**PROBLEM TO SOLVE**
Write the entries below out again without a single difference.

**DATA SECTION**
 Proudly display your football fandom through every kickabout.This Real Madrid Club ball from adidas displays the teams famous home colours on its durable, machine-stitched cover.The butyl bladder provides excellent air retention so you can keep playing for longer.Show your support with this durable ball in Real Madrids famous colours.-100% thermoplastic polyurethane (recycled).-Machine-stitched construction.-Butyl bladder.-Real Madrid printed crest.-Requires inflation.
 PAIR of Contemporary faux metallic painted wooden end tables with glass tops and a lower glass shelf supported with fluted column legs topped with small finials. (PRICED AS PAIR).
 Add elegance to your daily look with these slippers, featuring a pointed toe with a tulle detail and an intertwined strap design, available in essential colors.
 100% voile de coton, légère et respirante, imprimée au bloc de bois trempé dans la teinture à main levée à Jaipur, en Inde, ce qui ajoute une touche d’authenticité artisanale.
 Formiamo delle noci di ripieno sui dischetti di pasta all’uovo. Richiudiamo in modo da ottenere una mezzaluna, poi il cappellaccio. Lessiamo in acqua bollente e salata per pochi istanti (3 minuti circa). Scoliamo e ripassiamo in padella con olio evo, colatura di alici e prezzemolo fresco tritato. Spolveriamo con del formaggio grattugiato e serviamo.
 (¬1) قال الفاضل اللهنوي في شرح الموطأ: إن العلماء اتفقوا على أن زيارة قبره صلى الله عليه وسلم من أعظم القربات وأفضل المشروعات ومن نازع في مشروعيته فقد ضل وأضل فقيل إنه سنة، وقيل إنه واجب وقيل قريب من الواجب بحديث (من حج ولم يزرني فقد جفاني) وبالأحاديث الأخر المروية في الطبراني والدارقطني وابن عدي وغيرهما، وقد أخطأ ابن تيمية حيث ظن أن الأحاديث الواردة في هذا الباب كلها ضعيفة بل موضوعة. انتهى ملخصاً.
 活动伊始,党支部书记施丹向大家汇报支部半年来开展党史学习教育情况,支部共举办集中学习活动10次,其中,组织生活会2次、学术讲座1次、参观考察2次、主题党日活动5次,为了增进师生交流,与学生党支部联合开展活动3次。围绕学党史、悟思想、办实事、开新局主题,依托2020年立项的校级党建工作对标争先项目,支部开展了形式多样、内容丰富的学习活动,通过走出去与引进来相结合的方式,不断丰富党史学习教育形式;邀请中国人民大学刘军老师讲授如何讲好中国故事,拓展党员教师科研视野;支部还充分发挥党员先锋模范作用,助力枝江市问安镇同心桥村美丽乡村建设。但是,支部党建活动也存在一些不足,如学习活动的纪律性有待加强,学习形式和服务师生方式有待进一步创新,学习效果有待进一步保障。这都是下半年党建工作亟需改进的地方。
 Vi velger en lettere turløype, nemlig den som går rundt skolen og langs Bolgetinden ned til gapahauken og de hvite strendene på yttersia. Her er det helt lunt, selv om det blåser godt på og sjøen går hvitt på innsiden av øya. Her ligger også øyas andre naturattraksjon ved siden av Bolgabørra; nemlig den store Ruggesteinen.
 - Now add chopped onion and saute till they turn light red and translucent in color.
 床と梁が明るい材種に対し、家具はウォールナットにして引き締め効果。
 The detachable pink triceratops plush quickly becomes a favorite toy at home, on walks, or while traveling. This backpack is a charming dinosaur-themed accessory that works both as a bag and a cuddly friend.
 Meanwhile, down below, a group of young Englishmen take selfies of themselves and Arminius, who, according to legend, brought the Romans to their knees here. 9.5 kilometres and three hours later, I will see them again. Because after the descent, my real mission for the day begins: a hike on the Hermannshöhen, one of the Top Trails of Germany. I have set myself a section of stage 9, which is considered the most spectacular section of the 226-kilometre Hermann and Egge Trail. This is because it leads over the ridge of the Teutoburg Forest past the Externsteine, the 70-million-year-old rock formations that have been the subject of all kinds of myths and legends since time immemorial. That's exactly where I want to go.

**YOUR SOLUTION**
 Proudly display your football fandom through every kickabout.This Real Madrid Club ball from adidas displays the teams famous home colours on its durable, machine-stitched cover.The butyl bladder provides excellent air retention so you can keep playing for longer.Show your support with this durable ball in Real Madrids famous colours.-100% thermoplastic polyurethane (recycled).-Machine-stitched construction.-Butyl bladder.-Real Madrid printed crest.-Requires inflation.
 PAIR of Contemporary faux metallic painted wooden end tables with glass tops and a lower glass shelf supported with fluted column legs topped with small finials. (PRICED AS PAIR).
 Add elegance to your daily look with these slippers, featuring a pointed toe with a tulle detail and an intertwined strap design, available in essential colors.
 100% voile de coton, légère et respirante, imprimée au bloc de bois trempé dans la teinture à main levée à Jaipur, en Inde, ce qui ajoute une touche d’authenticité artisanale.
 Formiamo delle noci di ripieno sui dischetti di pasta all’uovo. Richiudiamo in modo da ottenere una mezzaluna, poi il cappellaccio. Lessiamo in acqua bollente e salata per pochi istanti (3 minuti circa). Scoliamo e ripassiamo in padella con olio evo, colatura di alici e prezzemolo fresco tritato. Spolveriamo con del formaggio grattugiato e serviamo.
 (¬1) قال الفاضل اللهنوي في شرح الموطأ: إن العلماء اتفقوا على أن زيارة قبره صلى الله عليه وسلم من أعظم القربات وأفضل المشروعات ومن نازع في مشروعيته فقد ضل وأضل فقيل إنه سنة، وقيل إنه واجب وقيل قريب من الواجب بحديث (من حج ولم يزرني فقد جفاني) وبالأحاديث الأخر المروية في الطبراني والدارقطني وابن عدي وغيرهما، وقد أخطأ ابن تيمية حيث ظن أن الأحاديث الواردة في هذا الباب كلها ضعيفة بل موضوعة. انتهى ملخصاً.
 活动伊始,党支部书记施丹向大家汇报支部半年来开展党史学习教育情况,支部共举办集中学习活动10次,其中,组织生活会2次、学术讲座1次、参观考察2次、主题党日活动5次,为了增进师生交流,与学生党支部联合开展活动3次。围绕学党史、悟思想、办实事、开新局主题,依托2020年立项的校级党建工作对标争先项目,支部开展了形式多样、内容丰富的学习活动,通过走出去与引进来相结合的方式,不断丰富党史学习教育形式;邀请中国人民大学刘军老师讲授如何讲好中国故事,拓展党员教师科研视野;支部还充分发挥党员先锋模范作用,助力枝江市问安镇同心桥村美丽乡村建设。但是,支部党建活动也存在一些不足,如学习活动的纪律性有待加强,学习形式和服务师生方式有待进一步创新,学习效果有待进一步保障。这都是下半年党建工作亟需改进的地方。
 Vi velger en lettere turløype, nemlig den som går rundt skolen og langs Bolgetinden ned til gapahauken og de hvite strendene på yttersia. Her er det helt lunt, selv om det blåser godt på og sjøen går hvitt på innsiden av øya. Her ligger også øyas andre naturattraksjon ved siden av Bolgabørra; nemlig den store Ruggesteinen.
 - Now add chopped onion and saute till they turn light red and translucent in color.
 床と梁が明るい材種に対し、家具はウォールナットにして引き締め効果。
 The detachable pink triceratops plush quickly becomes a favorite toy at home, on walks, or while traveling. This backpack is a charming dinosaur-themed accessory that works both as a bag and a cuddly friend.
 Meanwhile, down below, a group of young Englishmen take selfies of themselves and Arminius, who, according to legend, brought the Romans to their knees here. 9.5 kilometres and three hours later, I will see them again. Because after the descent, my real mission for the day begins: a hike on the Hermannshöhen, one of the Top Trails of Germany. I have set myself a section of stage 9, which is considered the most spectacular section of the 226-kilometre Hermann and Egge Trail. This is because it leads over the ridge of the Teutoburg Forest past the Externsteine, the 70-million-year-old rock formations that have been the subject of all kinds of myths and legends since time immemorial. That's exactly where I want to go.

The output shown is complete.